Bayangkan, kehadiran bayi dalam keluarga bisa mengubah kebiasaan ayahnya yang perokok berat menjadi berkurang atau bahkan tidak merokok lagi demi bayinya. Artinya, kehadiran bayi melecut kita untuk menjadi pribadi yang lebih baik, apalagi ini yang lahir Yesus yang kami yakini sebagai Tuhan.
Kehadiran bayi membuat orang di sekitar kita juga akan bergembira. Contohnya, ada tetangga yang baru saja punya bayi. Maka kita, saudara-saudaranya, teman kantor, atau siapa saja akan datang memberi selamat.Â
Ada yang membawa kado. Ada pula yang mendoakan supaya bayi dan keluarga diberi kebahagiaan. Padahal belum tentu yang mendoakan seagama dengan yang punya bayi. Inilah normalnya menanggapi orang yang sedang Natal, atau sedang merayakan kelahiran bayi.Â
Saya tidak akan membahas teknis teologis, baik itu dari mereka yang "menolak" Natal atau juga melakukan pembelaan melalui pendekatan teologis Gereja. Tidak. Ini akan menjadi urusan menjadi tambah tidak karuan. Perayaan Natal adalah perayaan akan kelahiran seorang bayi. Kehadirannya membawa damai, tenang, ketulusan, senyum, kepolosan, dan tentu membawa harapan.

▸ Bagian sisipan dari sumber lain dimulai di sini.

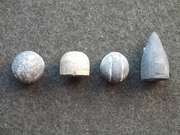 Свинцеві кулі: сферична, ковпачкова Нейслер для гладких стовбурів; сферична та «циліндрострельчаста» Куликовського для двонарізного штуцера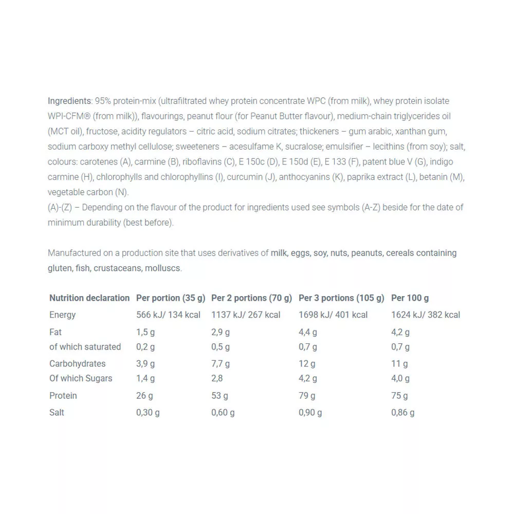 WHEY PROTEIN COMPLEX 100% – suplement diety. Zawiera cukier i substancje słodzące. Produkt aromatyzowany. Wysokobiałkowy koncentrat w proszku. Mieszanka wysokiej jakości ultrafiltrowanego koncentratu białka serwatkowego oraz izolatu białka serwatkowego. Produkt przeznaczony dla osób aktywnych fizycznie i sportowców, dążących do rozwoju masy mięśniowej. Białko przyczynia się do wzrostu i utrzymania masy mięśniowej.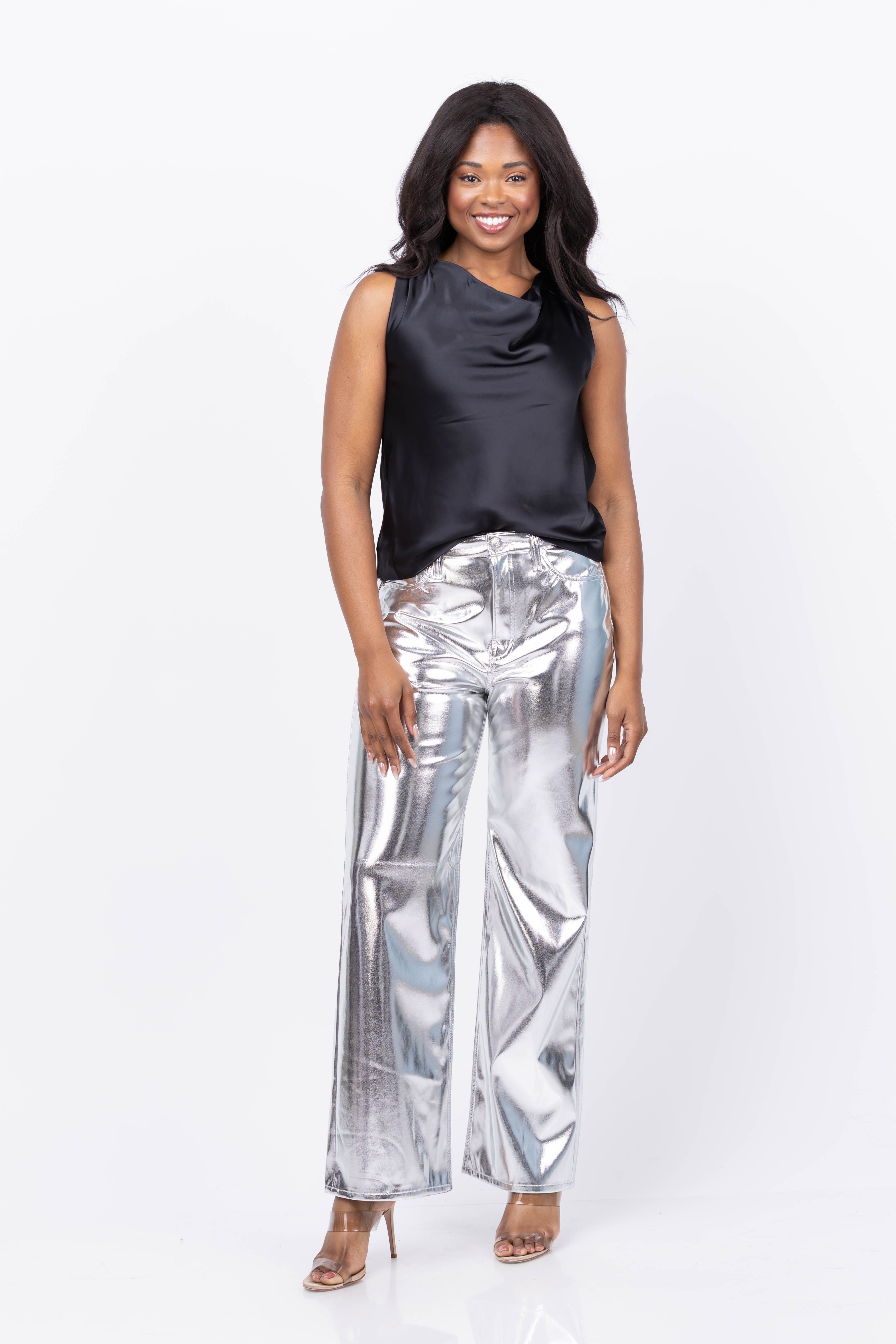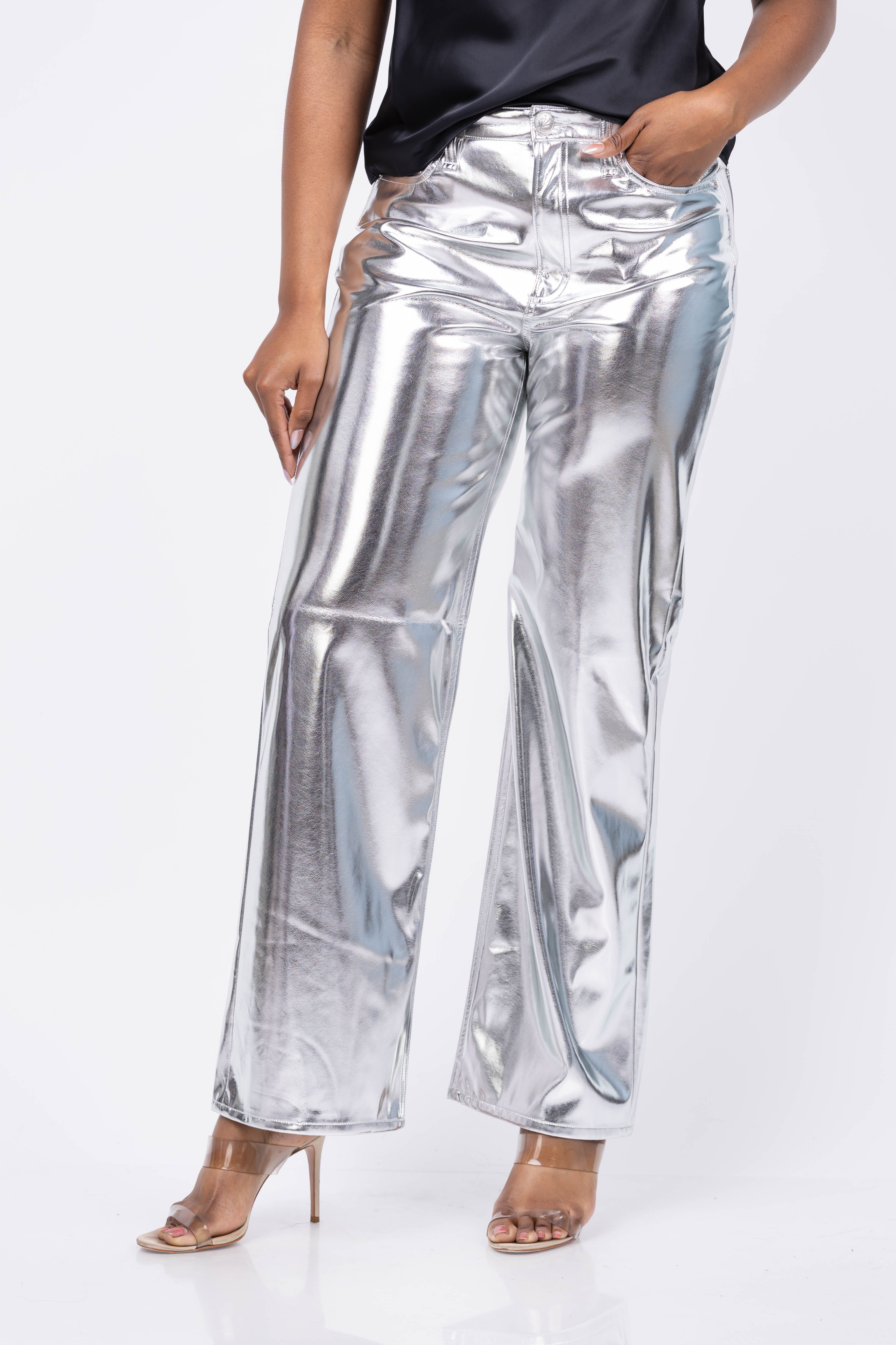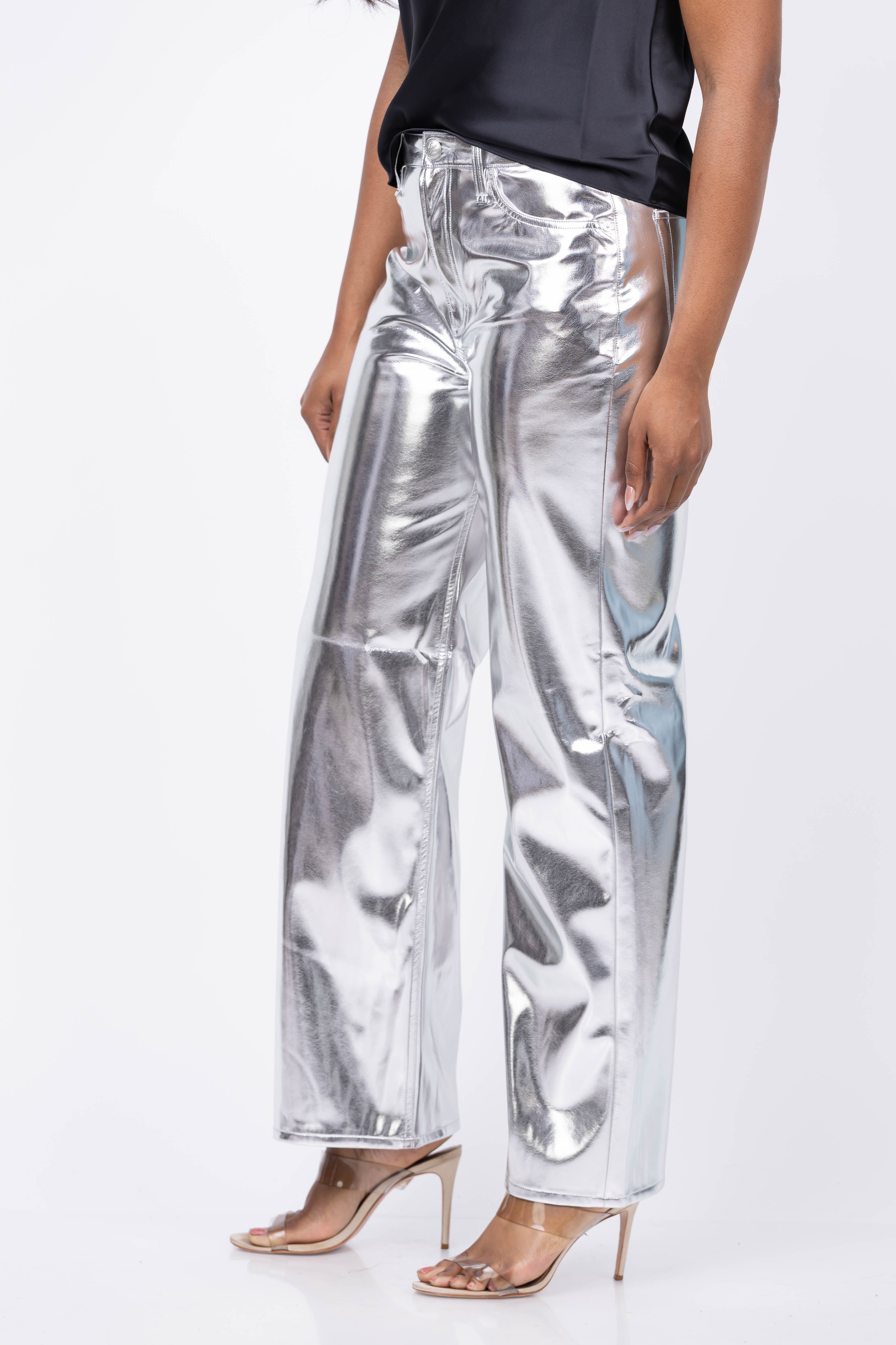 Experience the perfect blend of comfort and style with the Rag & Bone Logan Faux Leather Wide Leg Pant in Silver. These mid-rise pants feature a roomy cut for all-day ease, now elevated with a soft, eye-catching silver faux leather that adds a modern edge. Effortlessly versatile, they pair beautifully with cozy knit sweaters or classic cardigans, making them a standout piece for any laid-back yet polished look. Embrace playful sophistication and elevate your wardrobe with these statement pants today.

Maka marilah kita, paling tidak saya mengajak diri saya sendiri untuk meresapi kehadirannya itu. Dengan demikian, saya pun terpanggil untuk membawa damai, ketenangan, ketulusan, senyum, kepolosan, dan berharap kehadiran saya membawa harapan. Saya berharap, nilai-nilai Natal ini yang harusnya menjadi pemberitaan mayoritas di media, baik itu cetak, online, bahkan di media sosial.
Jika demikian, maka tepatlah tema natal yang diangkat dalam perayaan Malam Natal di Kolese Kanisius, "Hendaklah Damai Sejahtera Kristus, Memerintah Dalam Dirimu." Tema ini sekaligus menjadi doa bagi kita semua supaya damai yang dibawa Yesus dalam kelahirannya yang sederhana diteruskan kepada siapa saja.
Selamat Natal, Tuhan Memberkati, Berkah Dalem!